We can see the split in the table when the price decreased from 501.98 USD to 128 USD, which was pre-market open on Aug 31. But our minute data don’t have a split coefficient, so we merge it with the coefficient (which is on daily data, so it is at time 00:00:00).

df = df.merge(daily[['split coefficient']], left_index=True,
              right_index=True, how='outer')
# fill split NaN values with 1 (because of cumulative product)
df['split coefficient'] = df['split coefficient'].fillna(1)
df[df.index < '2020-08-31 04:03:00'].tail()

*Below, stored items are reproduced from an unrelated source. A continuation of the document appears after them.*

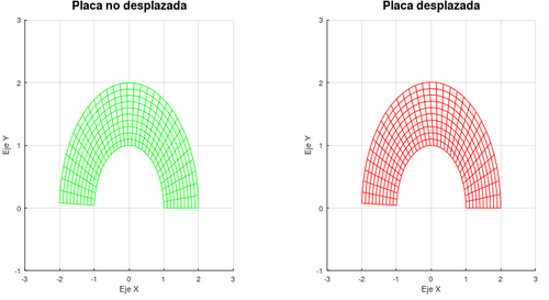 Ya tenemos el campo vectorial del desplazamiento, por lo que vamos a poder observar la deformación en la placa antes y después de la acción del campo \(\vec u\):
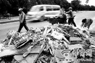 “这些垃圾应该是凌晨倒的,基本没人能看到。”昨日下午2时许,吴雪和她的两名同事正清扫着路上偷倒的垃圾,其中木板、碎布、水泥块、棍棒……应有尽有。“今天还算少的,倒了两堆,上午已经清理了一堆。多的时候能有五六堆,几乎覆盖整个路面,如果不马上清理,车都过不去。”吴雪说,她负责这段路一年多的时间,几乎每天都会有这额外的活儿。吴雪的同事席大妈说,清运这些垃圾得让她们每天多花费一两个小时。
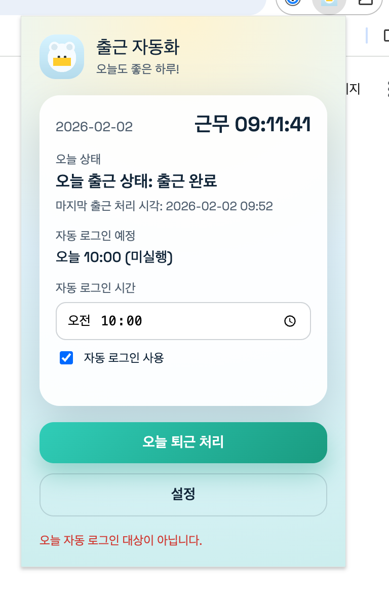 이 프로젝트를 크롬 확장프로그램으로 만들어서 실제 제가 출근버튼을 누르기위해 사용하는 플로우를 재현해주길 바랬습니다.
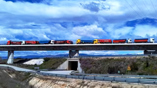 Las hileras de camiones se han dispuesto de modo que las configuraciones de carga fuesen simétricas respecto del eje del tablero, con el fin de representar los estados de carga significativos para el uso futuro de los viaductos, informa en nota de prensa ADIF.
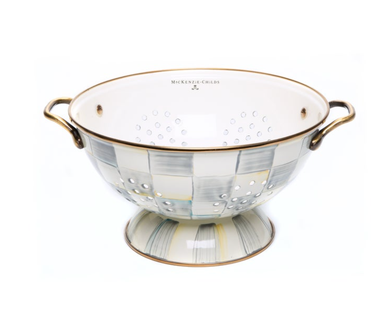 For kitchen preparations with personality, look no further than the Large Sterling Check Enamel Colander. The steel underbody makes this number a workhorse, and the hand-painted, color-dragged checks in subtle shades of grey and antiqued brass-finish handles give some pizzazz to scrubbing potatoes and sass to straining salads.
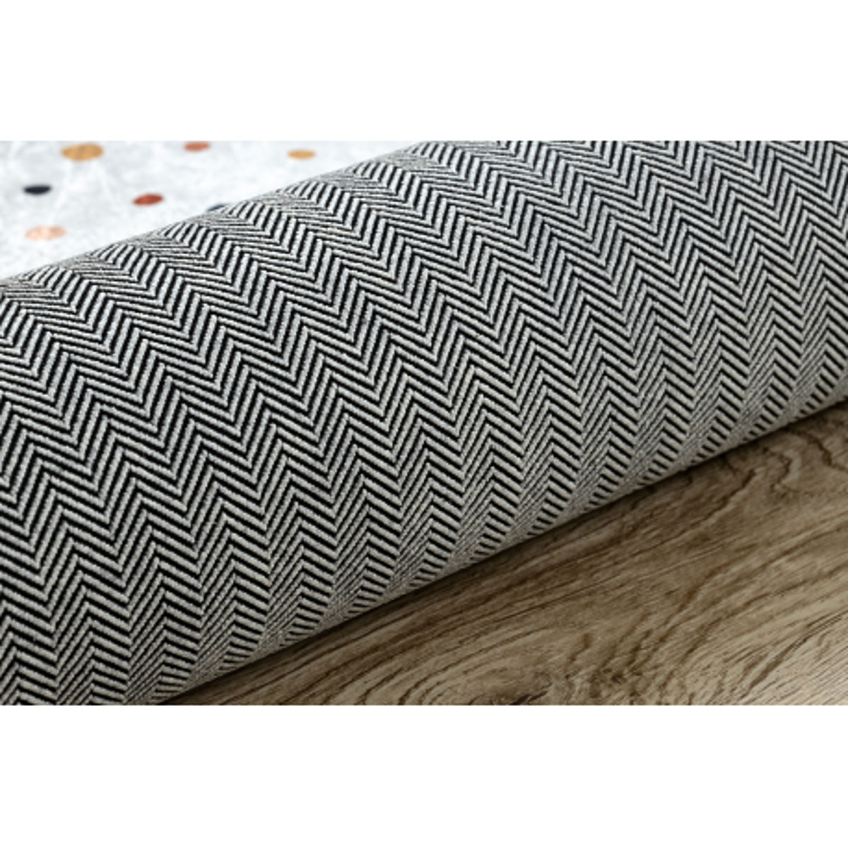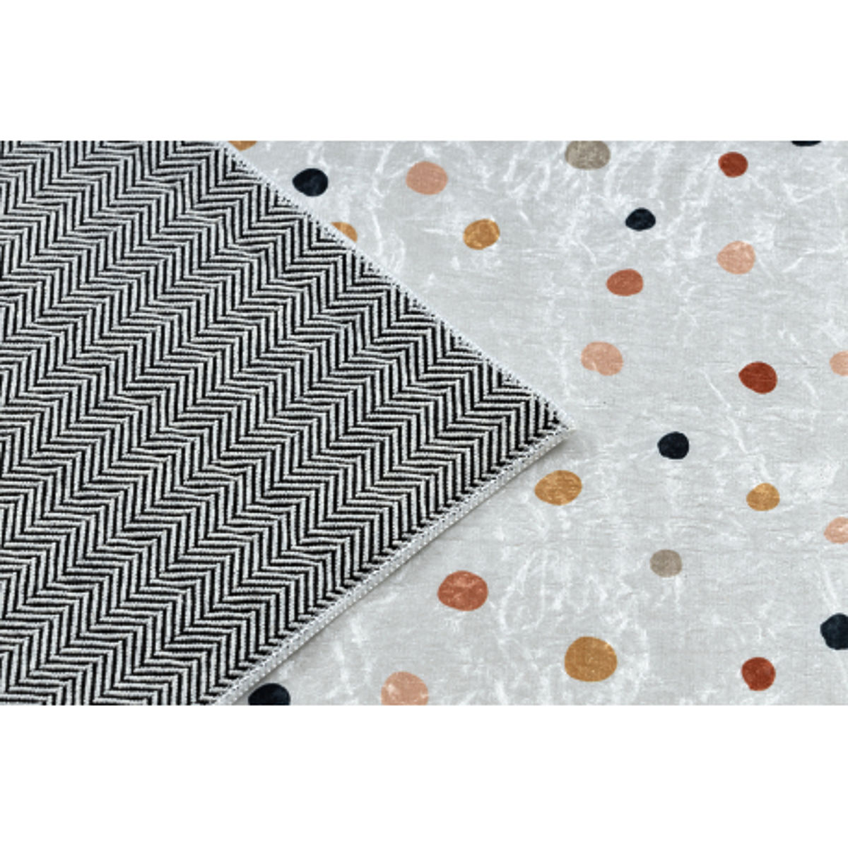 Bring joy, softness, and a clean design to the children's room with the BAMBINO 47890 washing mat. The pattern of small dots in a combination of white and brown colors creates a calming and timeless impression, making the mat suitable for any interior—from modern to naturally styled children's rooms. It is an ideal mat for everyday play, first steps, and comfortable sitting. The mat is made from 100% polyester, which is soft, pleasant to the touch, and practical at the same time. The 5 mm thickness provides comfort and lightness, while the weight of 0.70 kg/m² allows for easy portability. A major benefit is the machine washable feature, making it really easy to keep the mat hygienically clean. The anti-slip bottom ensures stability and safety during play, preventing the mat from slipping even on smooth floors.

open high low close volume split coefficient 2020-08-28 19:59:00 501.73 501.73 501.65 501.65 1683.0 1.0 2020-08-28 20:00:00 501.80 502.00 501.71 501.98 8239.0 1.0 2020-08-31 00:00:00 NaN NaN NaN NaN NaN 4.0 2020-08-31 04:01:00 128.00 137.29 125.60 126.00 61664.0 1.0 2020-08-31 04:02:00 126.92 127.00 126.00 126.50 16918.0 1.0

Apply our function and have a look at the result.

dfa = calculate_adjusted(df)
dfa[dfa.index < '2020-08-31 04:03:00'].tail()

open high low close volume split coefficient adj_open adj_high adj_low adj_close adj_volume 2020-08-28 19:59:00 501.73 501.73 501.65 501.65 1683.0 1.0 125.4325 125.4325 125.4125 125.4125 6732.0 2020-08-28 20:00:00 501.80 502.00 501.71 501.98 8239.0 1.0 125.4500 125.5000 125.4275 125.4950 32956.0 2020-08-31 00:00:00 NaN NaN NaN NaN NaN 4.0 NaN NaN NaN NaN NaN 2020-08-31 04:01:00 128.00 137.29 125.60 126.00 61664.0 1.0 128.0000 137.2900 125.6000 126.0000 61664.0 2020-08-31 04:02:00 126.92 127.00 126.00 126.50 16918.0 1.0 126.9200 127.0000 126.0000 126.5000 16918.0

Adjusted prices are prepared, and you can fully use them in your backtests. We used only built-in pandas functions, so it calculates reasonably fast for a more extended history of one-minute data or even one-second data. Do your price adjusting is very important if you store the data in the original form; most brokers also provide original data without splitting dates and coefficients.